Giunto a Genova nel 1425 il nuovo commissario visconteo alla Guerra, Opizzino d'Alzate, ben presto il D. finì con l'entrare in urto con lui. In questo periodo, anche i rapporti con la Curia romana conobbero un brusco peggioramento.
Occasione dello scontro fu la nomina, voluta da Martino V, di Battistino da Rapallo a capo della collegiata di S. Maria di Castello ed a collettore apostolico per la Liguria: costui, non ancora ordinato, si vide concedere anche il potere di sciogliere dalla scomunica coloro che commerciavano con gli infedeli. Le violente proteste del D., leso nelle sue prerogative episcopali e ostile a una iniziativa papale che ai suoi occhi appariva in contrasto con lo spirito conciliare, provocarono una lunga vertenza, alimentata da sospetti reciproci e da accuse calunniose.
Il D., ormai isolato, misurò in quegli anni anche il fallimento del suo progetto di tutelare gli interessi genovesi sotto una protezione straniera. Il governo visconteo, a lui sempre più ostile, prese provvedimenti di confino che dapprima coinvolsero membri della sua famiglia e colpirono poi, nel 1426, la sua stessa persona. Costretto a lasciare la sua sede, il D. dovette recarsi a Milano e fermarsi presso Filippo Maria. Per quanto nel 1427, in seguito a una sommossa antiviscontea scoppiata a Genova, fosse stato richiamato in patria, il D., che si era ormai compromesso col partito antivisconteo, riallacciando i suoi rapporti con gli ambienti fiorentini, dovette rinunziare per sempre al ritorno nella sua città. Infatti.1 benché fosse legato da sincera amicizia al nuovo governatore inviato da Filippo Maria a Genova, l'arcivescovo di Milano Bartolomeo Capra, il duca fu irremovibile nel rifiutargli il perdono. Non migliore effetto ebbe il formale giuramento di fedeltà che il D. accettò di pronunciare il 27 giugno 1428 nel monastero della Cervara, dove si era rifugiato sotto la protezione dei suoi antichi avversari, i Fieschi, ostili anch'essi al governo visconteo. Dopo aver soggiornato a Firenze, il D. si trasferì a Roma, accolto da Martino V. A Genova, in quel medesimo periodo di tempo, fu oggetto di una campagna infamante, che toccò il culmine con la richiesta, avanzata formalmente dalla cittadinanza genovese al papa, di rimuovere il D. dalla sua stessa diocesi. Su questo soggiorno romano siamo scarsamente informati: l'ultimo atto a noi noto del D. è la domanda di un beneficio ecclesiastico a favore del suo cappellano Luca Oliva, che lo aveva accompagnato nell'esilio.

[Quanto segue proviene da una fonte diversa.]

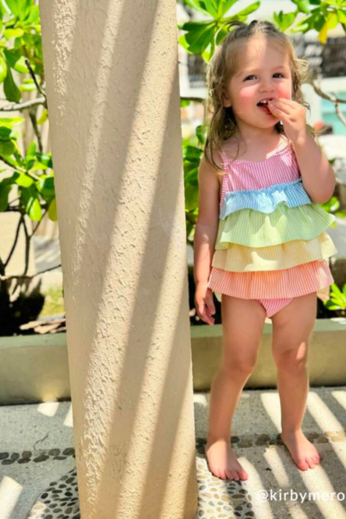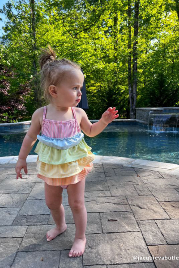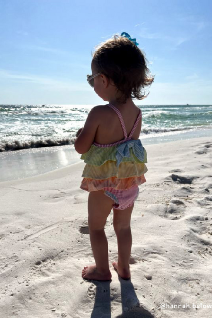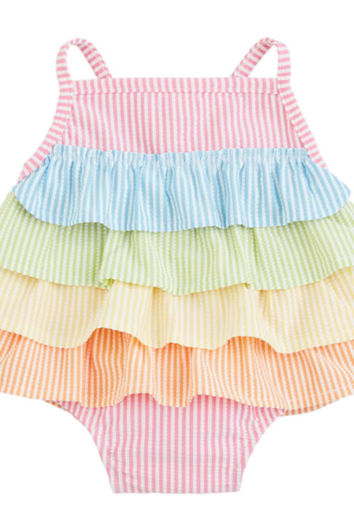 The Seersucker Ruffle Suit is a one piece swimsuit with a ruffle design, UPFS 50+ sun protection with snap closure underneath.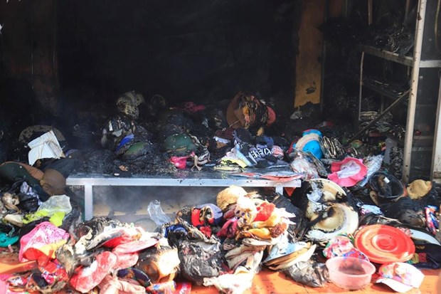 Theo quan sát của phóng viên, sau đám cháy, các kiot hàng hoá hết sức tan hoang. Nhiều khu vực, lửa đã khiến vải vóc, quần áo bị cháy rụi.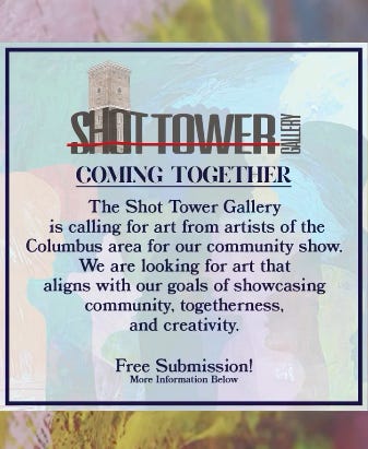 The Shot Tower Gallery is calling for art from artists of the Columbus area for a community show. They are looking for art that aligns with their goals of showcasing community, togetherness, and creativity. Free to submit!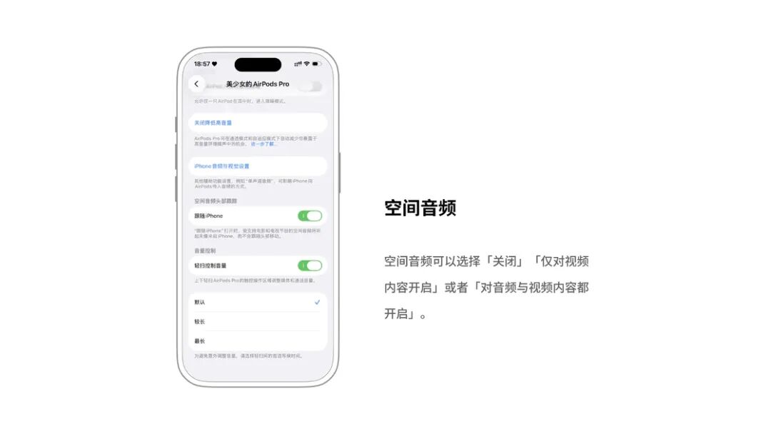 空间音频:空间音频的效果大多数时候很惊艳,但有时也会变成「负优化」,例如对没有针对性录制的音乐造成音量衰减。此时,可以在这里选择关闭 / 仅对视频内容开启/对音频与视频内容都开启,免去了听音乐时还要到控制中心中关闭「空间音频」的多余操作。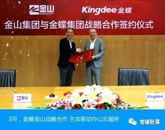 金蝶积极谋求“互联网+”的创新发展,与金山、亚马逊、京东、等互联网巨头在云服务领域展开积极的全面合作。4月,金蝶设立长沙移动互联网基地、并于五四青年节成立四家移动互联网公司,加速互联网+布局。12月,携手京东、航信实现全国首例电子发票入账,带动财税领域的新一轮变革。同月发布“账无忧”企业财税服务平台,让小微企业财税一键无忧。

Si ignora la data esatta della morte del D., che deve tuttavia collocarsi negli ultimi mesi del 1429. Infatti, il 4 novembre di quell'anno il papa nominò "per obitum" come successore del D. nella sede di Genova Pietro de' Giorgi, vescovo di Novara.

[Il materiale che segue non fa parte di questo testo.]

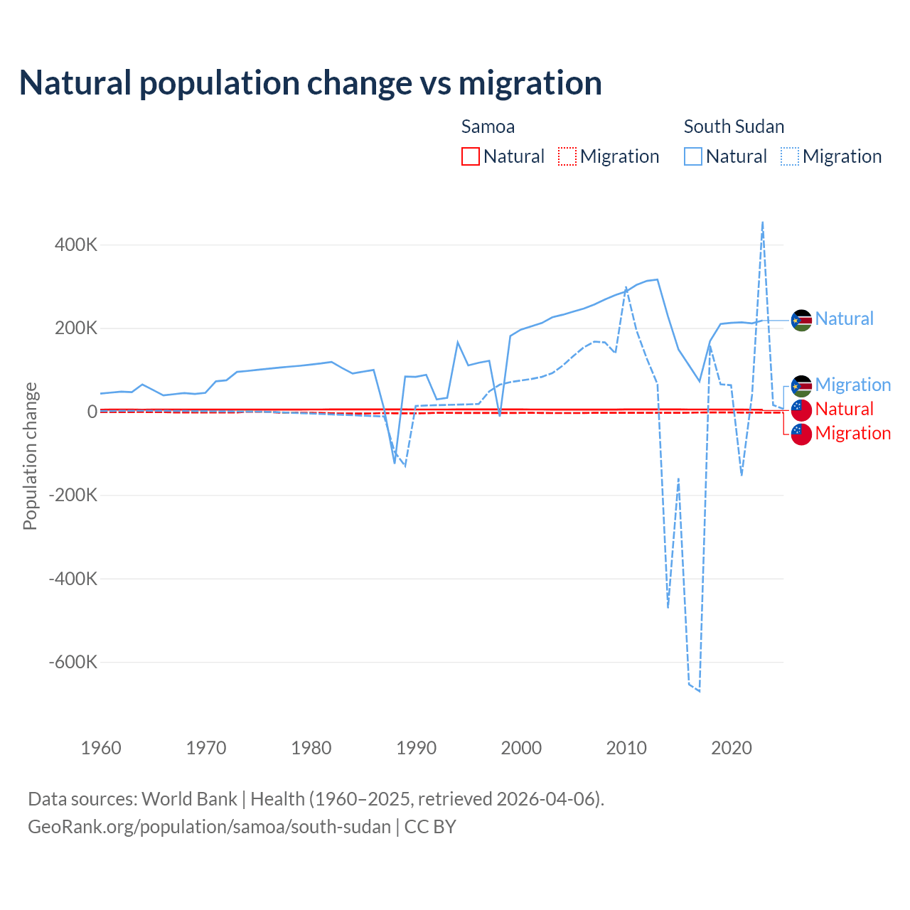 Over the last 10 years, 62.5% of the population change in Samoa is from natural causes (a gain of 45,436 people) and 37.5% is from migration (a loss of 27,246 people). In South Sudan 57.4% is from natural causes (a gain of 1,792,135 people) and 42.6% is from migration (a loss of 1,329,606 people).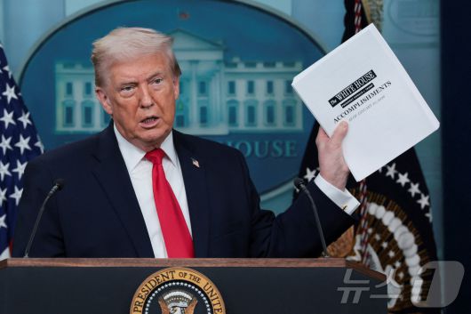 (워싱턴DC 로이터=뉴스1) 류정민 특파원 = 도널드 트럼프 미국 대통령이 두 번째 임기 1주년을 맞은 20일(현지시간) 워싱턴DC 백악관에서 자신의 성과를 모은 문서를 들어 보이고 있다. 2026.01.20. ⓒ 로이터=뉴스1 Copyright ⓒ 뉴스1. All rights reserved. 무단 전재 및 재배포, AI학습 이용 금지.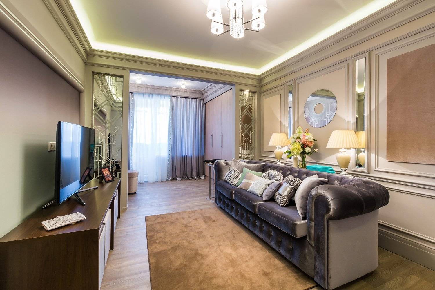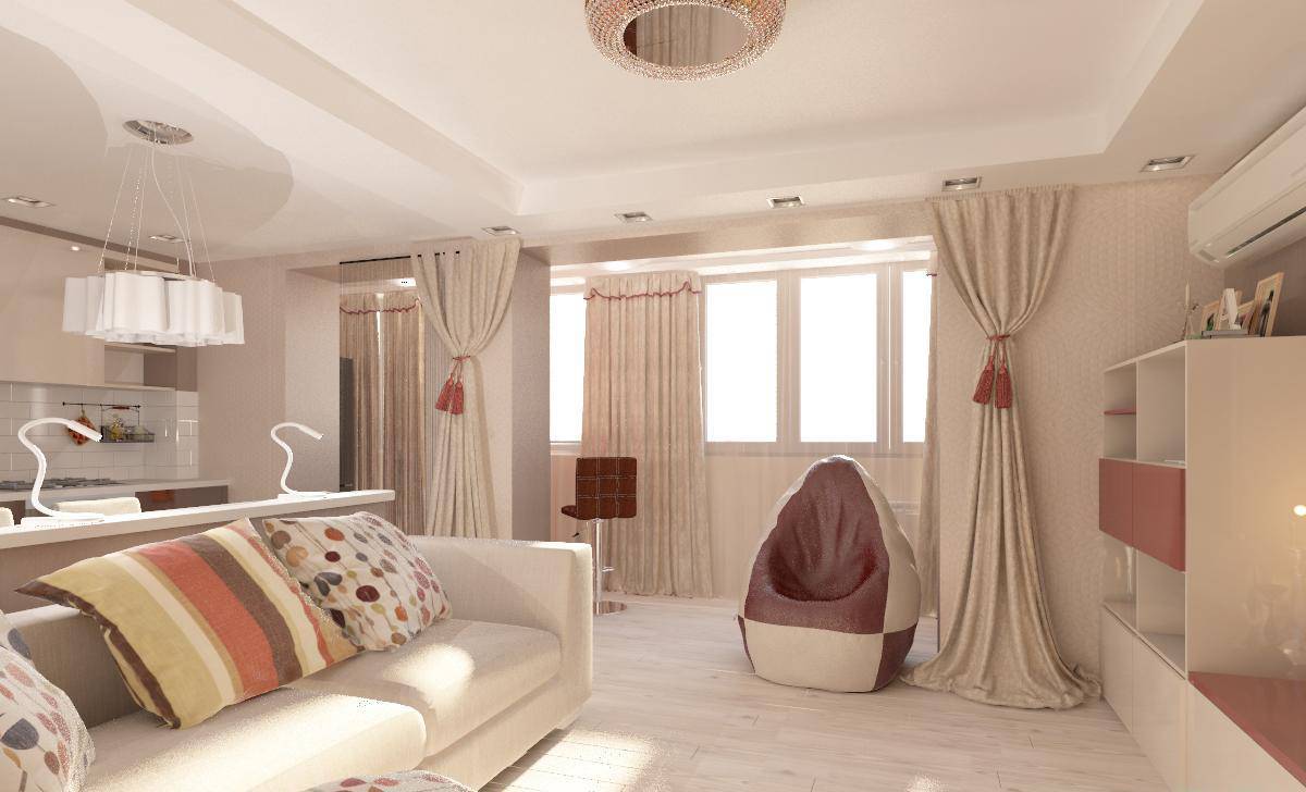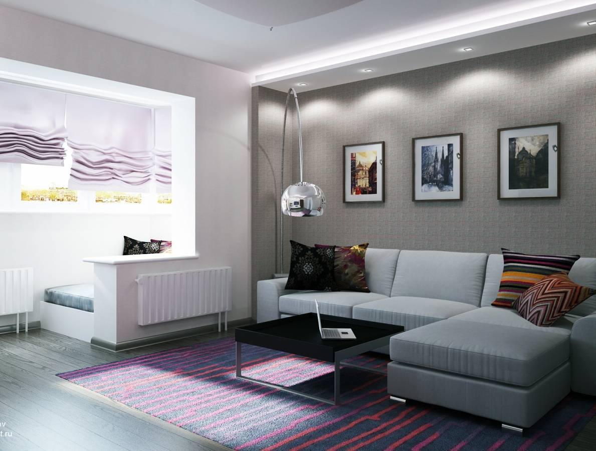 Прием совмещения балконного помещения также удачно используется в планировке квартиры-студии с балконом. За счет дополнительных квадратных метров жилое помещение превращается в единое комфортное пространство.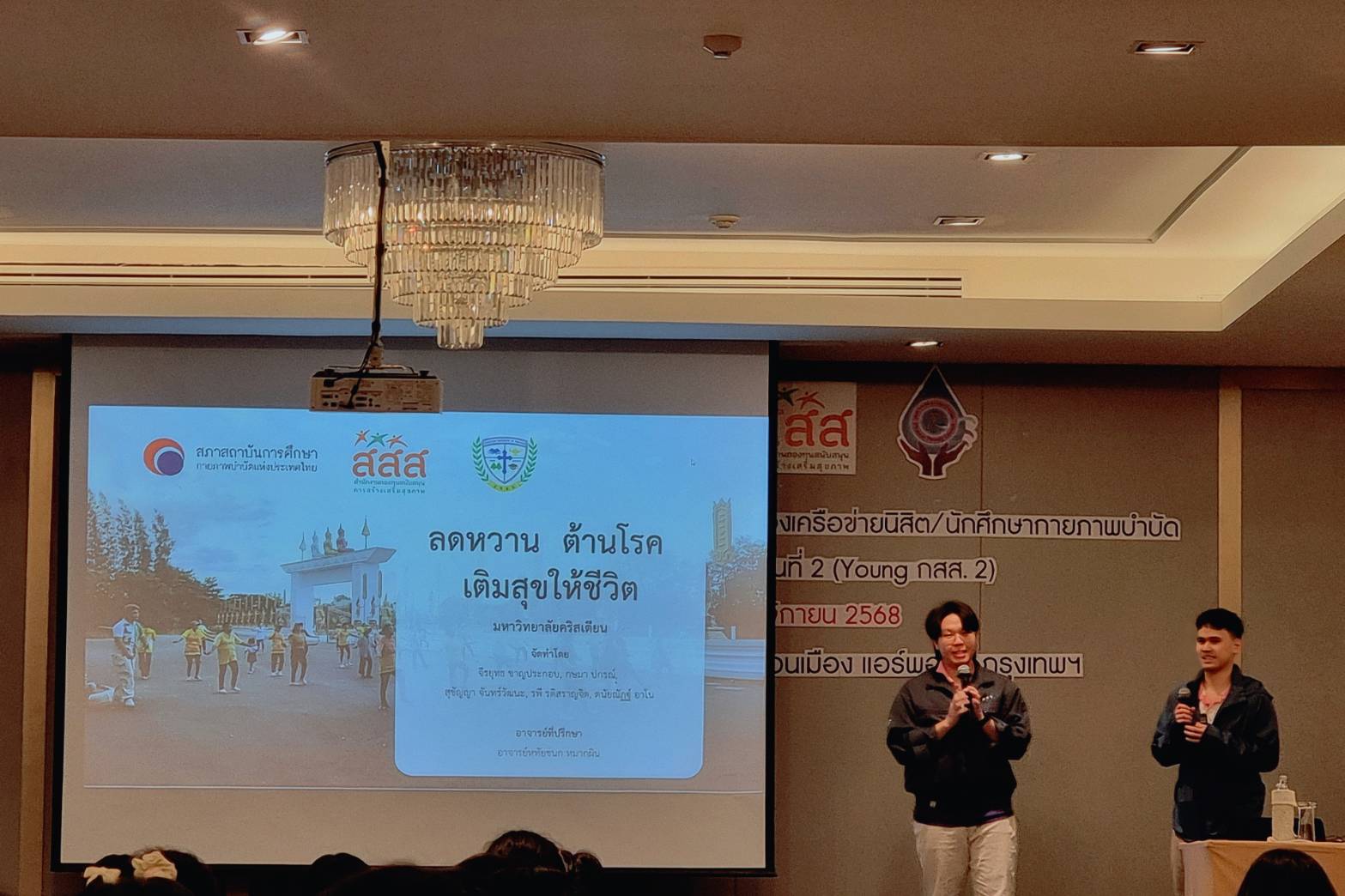 นักศึกษาสาขาวิชากายภาพบำบัด คณะวิทยาศาสตร์สุขภาพ มหาวิทยาลัยคริสเตียน เข้าร่วมเวทีนำเสนอผลงานสร้างเสริมสุขภาพ ในกิจกรรมปิดโครงการและถอดบทเรียนของเครือค่ายนิสิต/นักศึกษากายภาพบำบัดเพื่องานสร้างเสริมสุขภาพ รุ่นที่ 2 (Young กสส.2) ซึ่งจัดโดยสภากายภาพบำบัด ร่วมกับ สำนักสนับสนุนการพัฒนาระบบสุขภาพ (สำนัก 7) สำนักงานกองทุนสนับสนุนการสร้างเสริมสุขภาพ (สสส.) โดยมีนักศึกษาจาก 16 สถาบันทั่วประเทศเข้าร่วมแลกเปลี่ยนเรียนรู้ และถอดบทเรียนโครงการอย่างเข้มข้น

Il D. svolse un ruolo di primaria importanza nella vita culturale genovese tra Tre e Quattrocento, ove contribuì ad aprire il tradizionalmente ristretto orizzonte cittadino ai nuovi ideali umanistici. Egli approfondì i suoi studi classici e mantenne rapporti epistolari o contatti personali (in modo particolare, durante la sua missione del 1423) con alcuni dei più autorevoli esponenti fiorentini e milanesi del primo umanesimo, da Leonardo Bruni a Gasparino Barzizza, dal frate agostiniano Andrea Biglia all'arcivescovo di Milano Bartolomeo Capra, dal Decembrio all'Aurispa ad Ambrogio Traversari.